Kさんの報告を聴いていて、すでに議論は数ヶ月前から重ねて来ているので、当然と言えば当然なのだが、これまで行って来た議論がより深められたのであった。ただ、議論が深められたからといって、このユリイカ現象は生じないから不思議なものなのだ。でも、今回に限ってはこの累積された効果が出て来て、まさに「ユリイカ」現象となったのだったのだが、本当のところ瞬時に出てくる場合もあって、まことに奇々怪々の現象なのだ。

 

どのようなときに、ユリイカ現象が出てくるのだろうか。「やった」と叫びたくなる状態が現れるのだろうか。一般化はできないのであるが、いくつかの傾向がありそうだ。

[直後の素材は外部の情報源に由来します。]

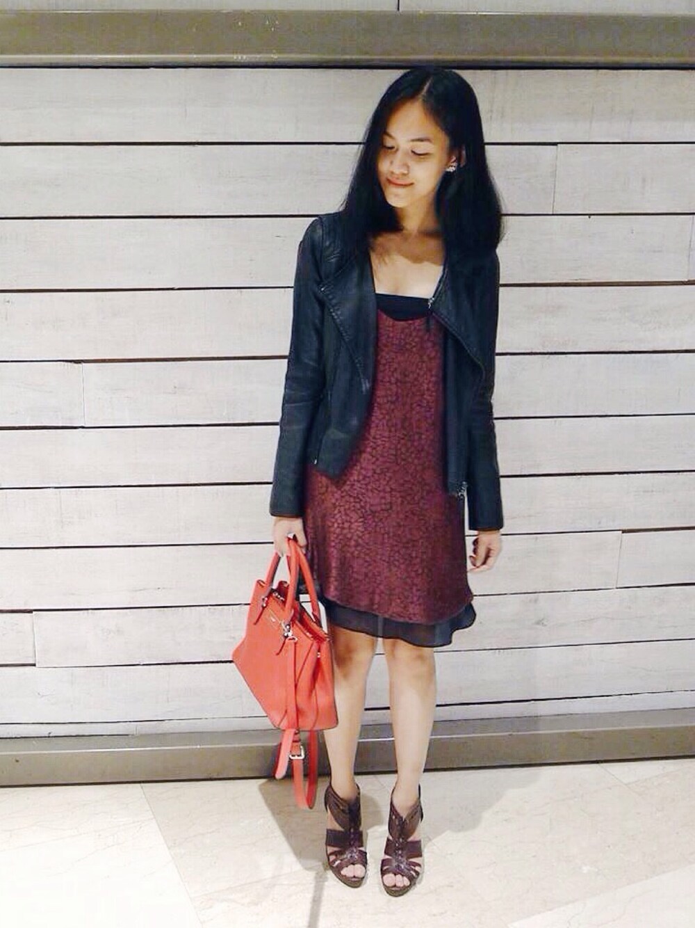 レッド系のドレスを着用したレディースの春コーディネートの1枚目の写真
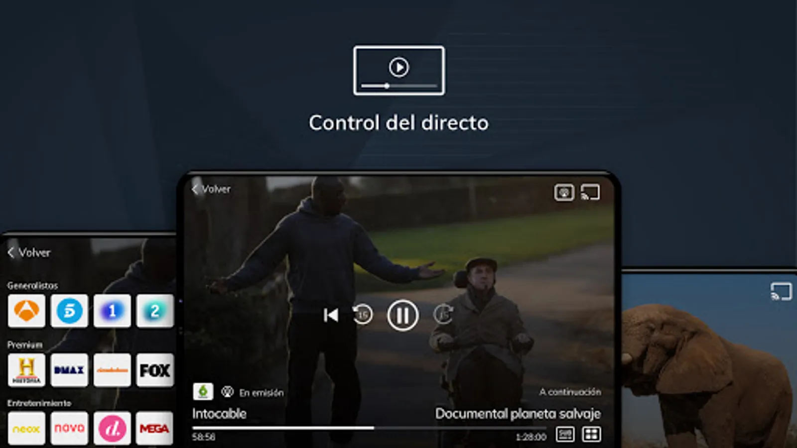 You will be able to pause, rewind, advance and restart any content that is being broadcast live.
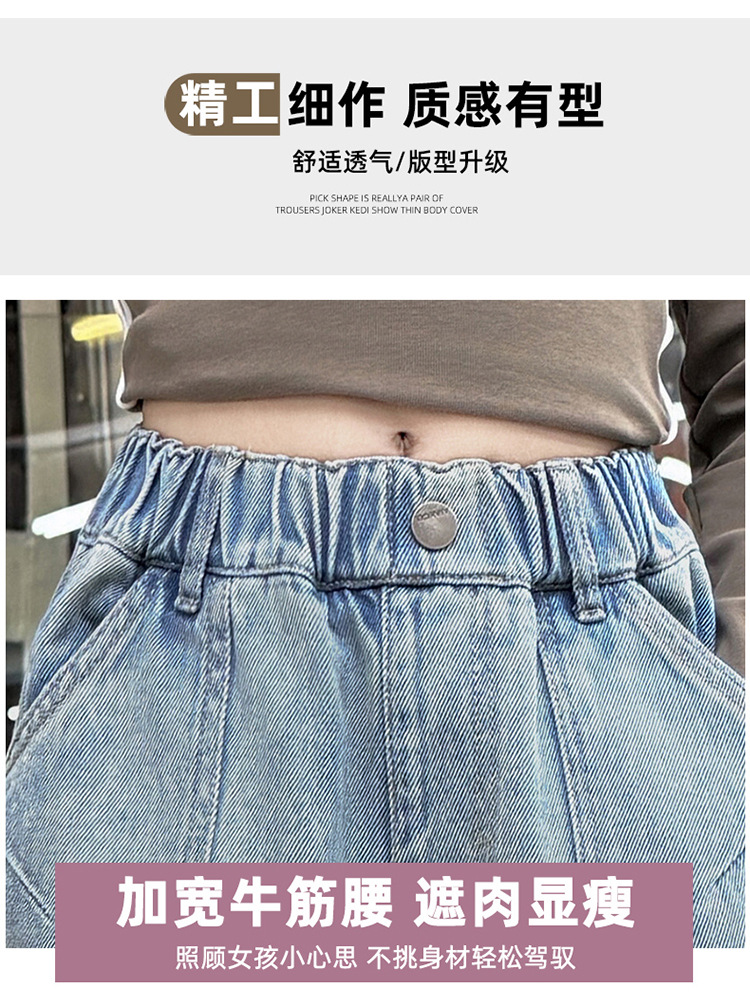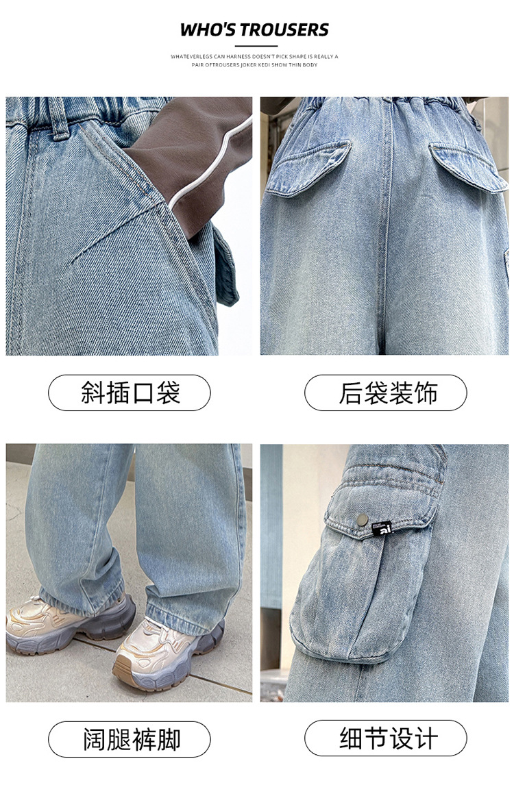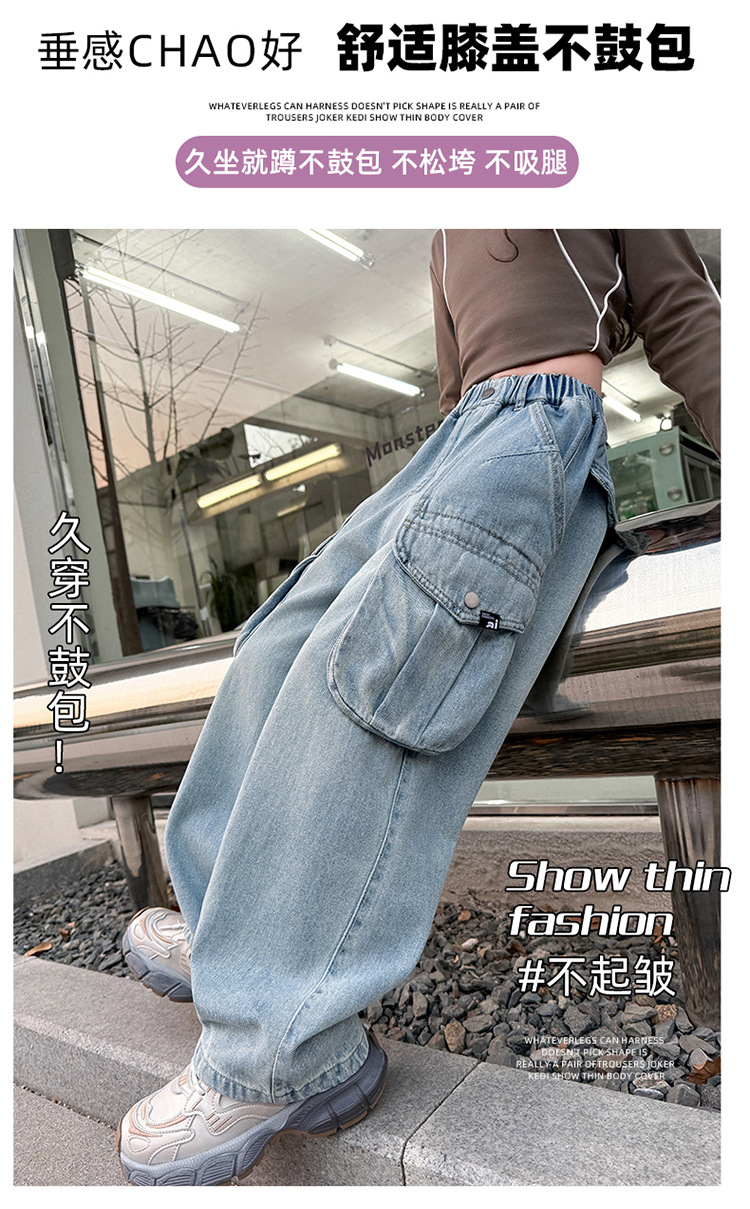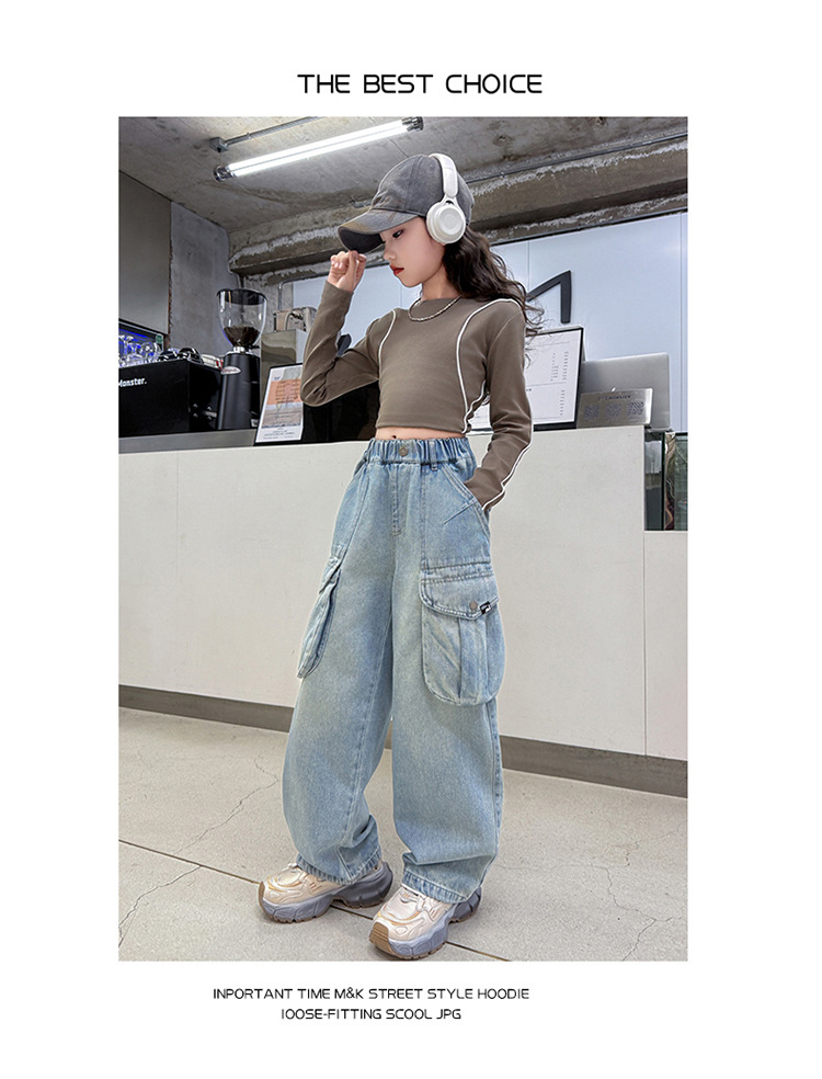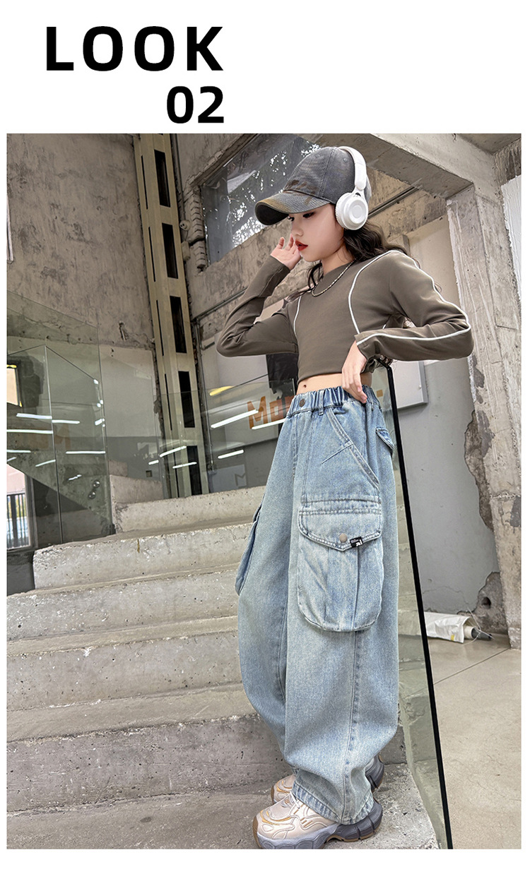 소녀 청바지 봄과 가을 2025 새로운 서양 스타일 유행 느슨한 바지 3 차원 큰 포켓 어린이 넓은 다리 바지스토어 가기

ユリイカ現象の第1段階として現れるのは、極めて個人的なものだ。個人的な発想の時に起こる場合が多い。自分の中で、「ああ、そうか」という思いが浮かぶ。それは妄想の類かもしれないし、単なる幻視なのかもしれないのだ。でも、わたしの卑近な現象を考えてみても、確実に何か研究について考えている時に、驚きをもって個人的な思いつきが生ずるから、おそらくこのような傾向もたしかにユリイカ現象の一部だろうと思われる。人間の本能的なものだと言っても良いし、個人的趣味だと言っても良いだろう。しかし、このことを他者へ漏らすと極めて高い確率で、変人とみなされる恐れがあるから、ふつうの人は口にしない。けれども、天才と呼ばれるような人びとは、個人段階のユリイカを大声で叫んでしまうものらしい。何度か、見聞したことがあるのだ。

 

ユリイカ現象の第2段階は、二者関係的なものだ。親密な関係にある人とだけと、その考えや妄想を共有できるのだ。自分の言ったことと、相手との関係が密接に結びついて、緊密な議論が成立することが期待できる。友人や夫婦の間で生ずるものだ。片方がその発想を自分のものだ、と思い込むし、さらに相手もその発想を自分のものだ、というところまで、思い入れが激しく出てくることになる場合があるのだ。逆に、この考えを共有しているからこそ、その友情が確からしく思えてくる。ユリイカ現象の相乗効果が現れてくる端緒となる状態が現れるのだ。Kさんとの、1対1の授業では、この形態のものだったと考えられるかもしれない。

 

ところが、ユリイカ現象には、第3段階があるのだ。それは、三者以上関係的なものだ。もちろん、ここで二者や三者と使った数字は、相対的なものであり、確実に2や3である必要はない。相互の複雑性の度合いの違いである。いわば、個人的ユリイカ現象や、二者関係的ユリイカ現象の発展型であり、集団的ユリイカ現象と言えるものである。もちろん、今回とくに言いたいのは、この第3段階であり、報告会や懇親会でのユリイカ現象なのだ。これは思い込みなのであるのだが、なぜ同じ思い込みが他者にも生ずるのか、ということなのだ。博士課程を造ってよかったな、と感ずる一瞬だった。

 

集団のユリイカ現象は、社交性の極みだと思っている。論文を媒介として、人びとが議論しあい、ユリイカ状態に集団に達するのだから。これは体験した者にしかわからないもので、研究ということを続けていて良かったと思わせるものだといえる。このようにして、研究者本能というものが、もし好奇心の行き着く果てにあって、それを通じて複数の人の間にユリイカ現象を共有できるならば、やはり社会人のための博士課程を造った意義があったと言えるだろう。Kさんの博士論文が来年には発表されるだろうから、みんなが感じたことの一端が、それでわかってもらえるだろうと期待して待っている。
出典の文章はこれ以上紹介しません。